From: Christoffer Dall
Date: Tue Jan 10 2017 - 14:40:36 EST


On Tue, Jan 10, 2017 at 01:47:49PM -0500, Jintack Lim wrote:
> Hi Christoffer,
>
> thanks for the review!
>
> On Mon, Jan 9, 2017 at 7:13 AM, Christoffer Dall
> <christoffer.dall@xxxxxxxxxx> wrote:
> > On Mon, Dec 26, 2016 at 12:12:05PM -0500, Jintack Lim wrote:
> >> Set a background timer for the EL1 physical timer emulation while VMs are
> >> running, so that VMs get interrupts for the physical timer in a timely
> >> manner.
> >>
> >> We still use just one background timer. When a VM is runnable, we use
> >> the background timer for the physical timer emulation. When the VM is
> >> about to be blocked, we use the background timer to wake up the vcpu at
> >> the earliest timer expiration among timers the VM is using.
> >>
> >> As a result, the assumption that the background timer is not armed while
> >> VMs are running does not hold any more.
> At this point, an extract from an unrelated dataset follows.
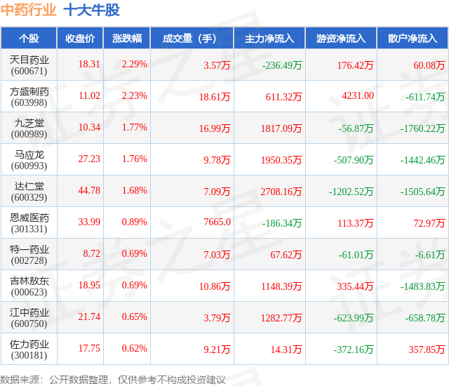 个股表现方面,中药行业当日领涨股为天目药业(600671),该股当日报收18.31,上涨2.29%,成交量3.57万,主力资金净流出236.49万元。方盛制药(603998)以上涨2.23%紧随其后,该股当日成交量18.61万,主力资金净流入611.32万元。除此之外,九芝堂(000989)、马应龙(600993)、达仁堂(600329)均进入当日牛股之列。具体个股列表见下表:
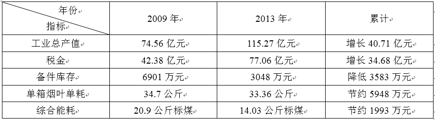 與2009年相比,2013年,在人員、設備變化不大,產量增加8.3萬箱的情況下,卷接設備運行效率由83.6%提高到96.55%,包裝設備運行效率由73.9%提高到91.35%,制絲設備故障停機率從1.13%降低到0.25%;減少生產工作日69個。備品備件資金占有率由3.38%降低到1.13%,備品備件庫存由6901萬降低到3048.04萬。單箱耗煙葉量從34.7公斤降低到34.1公斤,按照平均價格35.96元/公斤計算,累計節約費用5900余萬元;單箱卷煙綜合能耗從20.9公斤標煤降到10.9公斤標煤,企業綜合競爭實力得到全面提升。榮獲“全國設備管理創新示范基地”和“全國設備管理優秀單位”等榮譽稱號。

So, remove BUG_ON()s and
> >> WARN_ON()s accordingly.
> >>
> >> Signed-off-by: Jintack Lim <jintack@xxxxxxxxxxxxxxx>
> >> ---
> >> virt/kvm/arm/arch_timer.c | 42 +++++++++++++++++++++++++++++++-----------
> >> 1 file changed, 31 insertions(+), 11 deletions(-)
> >>
> >> diff --git a/virt/kvm/arm/arch_timer.c b/virt/kvm/arm/arch_timer.c
> >> index aa7e243..be8d953 100644
> >> --- a/virt/kvm/arm/arch_timer.c
> >> +++ b/virt/kvm/arm/arch_timer.c
> >> @@ -91,9 +91,6 @@ static void kvm_timer_inject_irq_work(struct work_struct *work)
> >> vcpu = container_of(work, struct kvm_vcpu, arch.timer_cpu.expired);
> >> vcpu->arch.timer_cpu.armed = false;
> >>
> >> - WARN_ON(!kvm_timer_should_fire(vcpu, vcpu_vtimer(vcpu)) &&
> >> - !kvm_timer_should_fire(vcpu, vcpu_ptimer(vcpu)));
> >> -
> >
> > This seems misplaced and has been addressed here:
> > https://lists.cs.columbia.edu/pipermail/kvmarm/2017-January/022933.html
> >
> > When you respin you can benefit from basing on that (assuming it gets
> > acked and goes int).
>
> Ok, I got it.
>
> >
> >> /*
> >> * If the vcpu is blocked we want to wake it up so that it will see
> >> * the timer has expired when entering the guest.
> >> @@ -139,7 +136,6 @@ static bool kvm_timer_irq_can_fire(struct arch_timer_context *timer_ctx)
> >>
> >> /*
> >> * Returns minimal timer expiration time in ns among guest timers.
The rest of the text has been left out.